AI document parameter extractor
Artificial Intelligence
Client company:Nelissen
Floris van dun
Gracia Mamgani
Joep de Kock
Project description
The main challenge is to develop an AI system capable of accurately extracting structured parameters from complex PDF documents used in building construction. These documents contain detailed technical information on architecture, heating, electricity, and water systems, presented in various formats such as text, tables, and diagrams. The key questions are: How can we design a system that can effectively parse and interpret this unstructured data? What methods can ensure high accuracy and adaptability to variations in document layouts? Additionally, the system must transform the extracted data into a structured format suitable for use in datasets, while minimizing manual intervention.
Context
The project operates within the domain of building construction and design, specifically focusing on the creation and analysis of "bestek" documents. These documents are essential in the construction industry, serving as comprehensive technical blueprints that detail the architectural design, heating and cooling systems, electrical installations, and water management for buildings.
The industry is characterized by diverse stakeholders, including architects, engineers, contractors, and regulators, who rely on these documents for project execution and compliance. A "bestek" typically combines unstructured and semi-structured data formats, such as textual descriptions, tables, diagrams, and annotations. This complexity poses significant challenges for data extraction and standardization, especially when manual interpretation is labor-intensive and prone to error.
Results
The pipeline begins with the input of a zip file containing all project documents, such as architectural plans, specifications, and schematics. These files are unpacked, and relevant documents are automatically identified using classification techniques based on filenames.
Relevant documents are divided into smaller, logical chunks to isolate meaningful sections while preserving context. These chunks are compared to predefined parameters, such as dimensions, insulation values, or electrical specifications. Using semantic similarity techniques powered by embeddings, the system retains only the chunks that closely match the parameters, filtering out irrelevant content.

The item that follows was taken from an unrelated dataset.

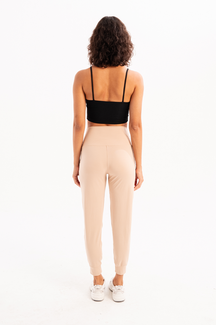 JUSTEVER High Waist Elastic Pocket Relaxed Cut Jogger Beige Women's Tracksuit Bottoms - Beat
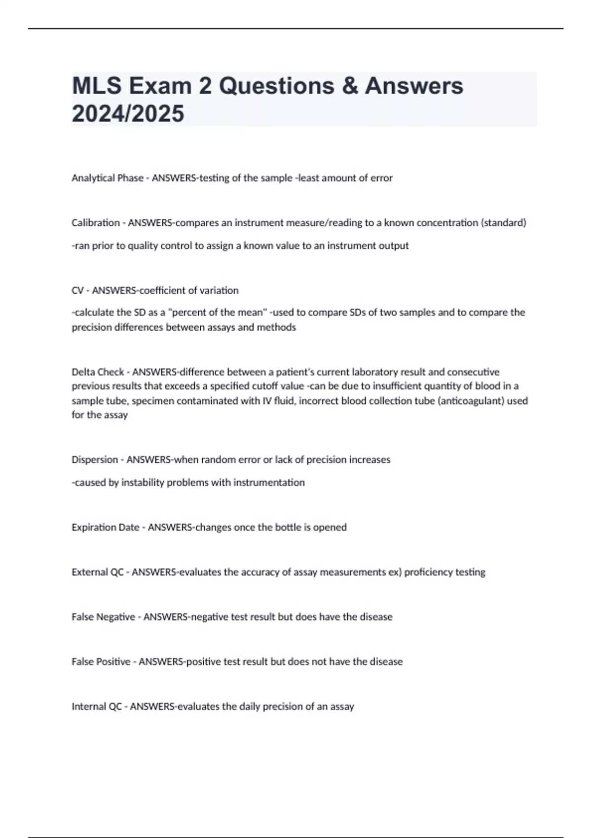 MLS Exam 2 Questions & Answers 2024/2025 Analytical Phase - ANSWERS-testing of the sample -least amount of error Calibration - ANSWERS-compares an instrument measure/reading to a known concentration (standard) -ran prior to quality control to assign a known value to an instrument output CV - ANSWERS-coefficient of variation -calculate the SD as a "percent of the mean" -used to compare SDs of two samples and to compare the precision differences between assays and methods Delta Check - ANSWERS-difference between a patient's current laboratory result and consecutive previous results that exceeds a specified cutoff value -can be due to insufficient quantity of blood in a sample tube, specimen contaminated with IV fluid, incorrect blood collection tube (anticoagulant) used for the assay Dispersion - ANSWERS-when random error or lack of precision increases -caused by instability problems with instrumentation Expiration Date - ANSWERS-changes once the bottle is opened External QC - ANSWERS-evaluates the accuracy of assay measurements ex) proficiency testing False Negative - ANSWERS-negative test result but does have the disease False Positive - ANSWERS-positive test result but does not have the disease Internal QC - ANSWERS-evaluates the daily precision of an assay

The filtered chunks are then processed by a large language model (LLM). The LLM extracts specific parameters from the text, such as thermal resistance values or cabling specifications.
Finally, the extracted parameters are output in a structured JSON format, ready for integration into databases or further analysis. This streamlined pipeline automates and optimizes parameter extraction, reducing manual effort and enhancing accuracy.
About the project group
Our group consists of 3 students that have a background in media and software. We spent the past 5 months working on this project in collaboration with Nelissen.